Cyanine dyes are a class of dyes that can increase the sensitivity of photosensitive materials and are often referred to as spectral sensitizers or sensitizing dyes. The addition of cyanine dye to silver bromide emulsion can make the emulsion produce new photosensitivity in the spectral region absorbed by the dye, so it is widely used in the photosensitive material industry such as black and white film, color film and infrared film. In addition, the spectrum of anthocyanin dyes is very sensitive to the changes of external microenvironment, so it is also very suitable for the analysis and study of biological and environmental samples. Squarylium dye is a kind of cyanine dye, which has excellent photoelectrochemical performance and stability. Squarylium dyes are generally divided into two categories: symmetrical and asymmetrical. As a near-infrared dye, squarine dye is widely used in optical information storage, laser printing, bioanalysis, organic solar cells and other fields. In addition, because the oxygen atom and terminal nitrogen atom in the central quaternary ring become the potential sites for the complexation reaction between squaricine and metal, squaricine can also be widely used in ion recognition and detection.

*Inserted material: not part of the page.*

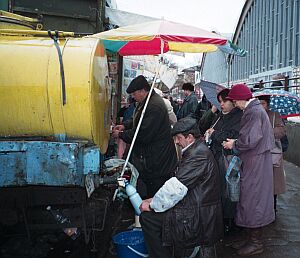 Так почти каждый день безработный Олег Копарь добывает себе на пропитание. На Центральном рынке в Бендерах его знают многие, от местных торговцев до приезжих покупателей, от бродяг до участковых милиционеров. Людям нравится, как он поет. Крытый рынок в Бендерах - это самое оживленное и живописное место в городе. За его пределами - скучная архитектура промышленного райцентра и провинциальная бедность, а здесь, под куполом торгового зала - богатство красок, запахов, широкий ассортимент "сырого и вареного" и знакомая кулинарная лексика. Здесь продавцы - психологи, чужих опознают сразу: и по говору, и по внешнему виду, и по праздному любопытству. Человека из России вычисляют быстро, и им есть что сказать заезжему гостю.
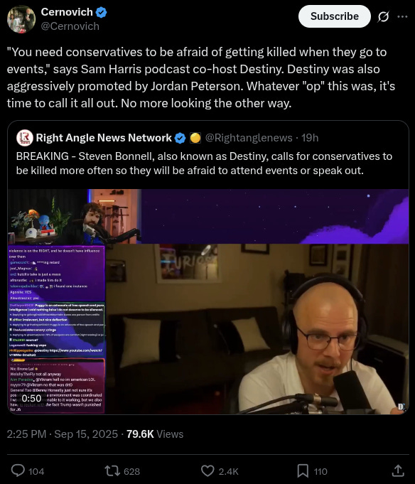 You can go deeper than this. Destiny described once how he was planning to murder a conservative and only decided against it because of the money he was making from streaming.

Figure 1. The structural formula of symmetrical squarylium dye.
Applications
- Molecular sensing: During the biological reaction, many active small molecule metabolites with unique chemical properties will be produced. The markers of these small molecules can infer whether life activities are proceeding normally. The fluorescence properties of various cyanine dyes with small-molecule recognition groups will change dramatically after being combined with small molecules, thus enabling the detection of small molecules. For example, Sulfo-Cyanine7-based near-infrared fluorescence enhancement strategy can be used for the detection of specific analytes. The detection mechanism is mainly to deprotect the quinone protecting group in Sulfo-Cyanine7 through a specific analyte to realize the formation of quinone and promote the enhancement of fluorescence. The probe can be used to label the endogenous H2O2 produced in the inflammatory response induced by LPS in the abdominal cavity of mice.
Figure 2. The structural formula of Sulfo-Cyanine7.
- Cell markers: Precise labeling of subcellular organelles (such as cell membranes, nuclei, mitochondria, and lysosomes) helps to understand life processes and cell states from a microscopic perspective. Cyanine-based Subcellular labeling probes have also been extensively studied. Some researchers have reported a bifunctional cyanine dye that can simultaneously label the cell membrane and nucleus. It can label both the cell membrane of living cells and the nucleus of apoptotic cells to achieve the specific labeling of different cell structures by the same dye. Therefore, this bifunctional cyanine dye is an important new multifunctional dye, which can be used in the research of life medicine and other fields to mark and identify some apoptotic cells in living tissue. This dye also has good application prospects in distinguishing live cells from dead cells.
- In vivo imaging: Near-infrared light has strong tissue penetration ability, so near-infrared dye imaging has been widely used in the field of in vivo diagnosis. The absorption and emission of cyanine dyes (Cyanine 5.5 and Cyanine 7.5) can reach the near-infrared region, so they can be used for in vivo fluorescence imaging and photoacoustic imaging.
Figure 3. Cyanine 5.5 and Cyanine 7.5 for fluorescence imaging.
References:
- Li J, Guo K, Shen J, et al. (2014) "A difunctional squarylium indocyanine dye distinguishes dead cells through diverse staining of the cell nuclei/membranes." Small. 10(7):1351-1360.
- Zhu H, Fan J, Du J, et al. (2016) "Fluorescent probes for sensing and imaging within specific cellular organelles." A. Chem. Res. 49(10):2115-2126.